Kadyapam edited this page May 23, 2026 · 2 revisions

NATS Supercluster

Multi-cluster NATS JetStream topology with gateway-meshed clusters. The operational guide for the static sample manifest committed at ci/manifests/nats-supercluster/.

For the underlying Python generator (ClusterTopology / SuperclusterTopology / build_nats_conf / build_cluster_manifests in noetl/core/runtime/nats_topology.py), see the NATS Supercluster page on the noetl/noetl wiki.

What's in ci/manifests/nats-supercluster/

File Purpose
namespace.yaml nats-supercluster Namespace. Separate from the existing nats namespace so both topologies can coexist.
cluster-a.yaml ConfigMap + 3-replica StatefulSet + headless Service for cluster a in us-east-1.
cluster-b.yaml Symmetric for cluster b in us-west-2.
README.md Quick-start: apply + verify + regen recipe.

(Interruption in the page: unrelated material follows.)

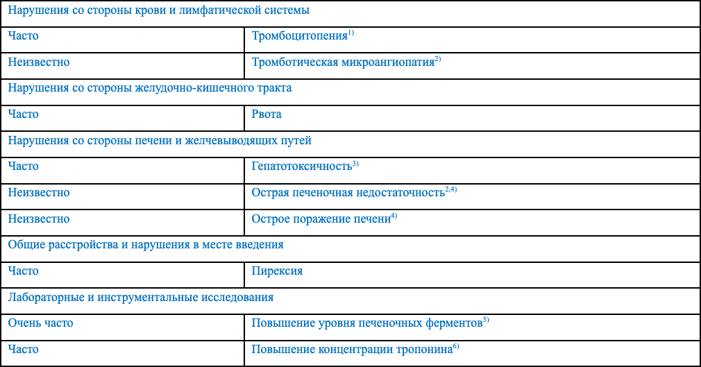 Отсутствуют. Требуется соблюдать осторожность при тромбоцитопении и нарушениях свертывания из-за повышенного риска кровотечений, а также при нефротоксичности из-за возможного ее нарастания.
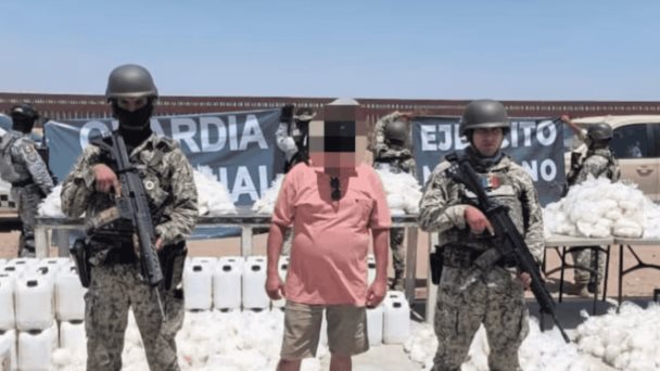 En un operativo en Sonora, se aseguraron 838 kilos de metanfetamina en San Luis Río Colorado, con una persona detenida como resultado.

Sibling: a parameterized renderer playbook at automation/infrastructure/nats_supercluster.yaml deploys one cluster member at a time with overrideable parameters. The static 2-cluster manifests in this directory are the opinionated reference for local kind validation; the playbook is the parameterized path for arbitrary deployments.

Cluster vs. supercluster

NATS exposes two related topologies:

  • Cluster — 3+ NATS servers connected via a cluster {} block; share JetStream state via Raft consensus. Single account namespace, mutual route URLs between members.
  • Supercluster — multiple clusters connected via NATS gateway connections (gateway {} block). Each cluster has its own JetStream state; gateways enable cross-cluster subject routing without shared Raft.

The static manifests here ship the supercluster shape — two 3-replica clusters with mutual gateway connections.

Generated nats.conf (cluster a)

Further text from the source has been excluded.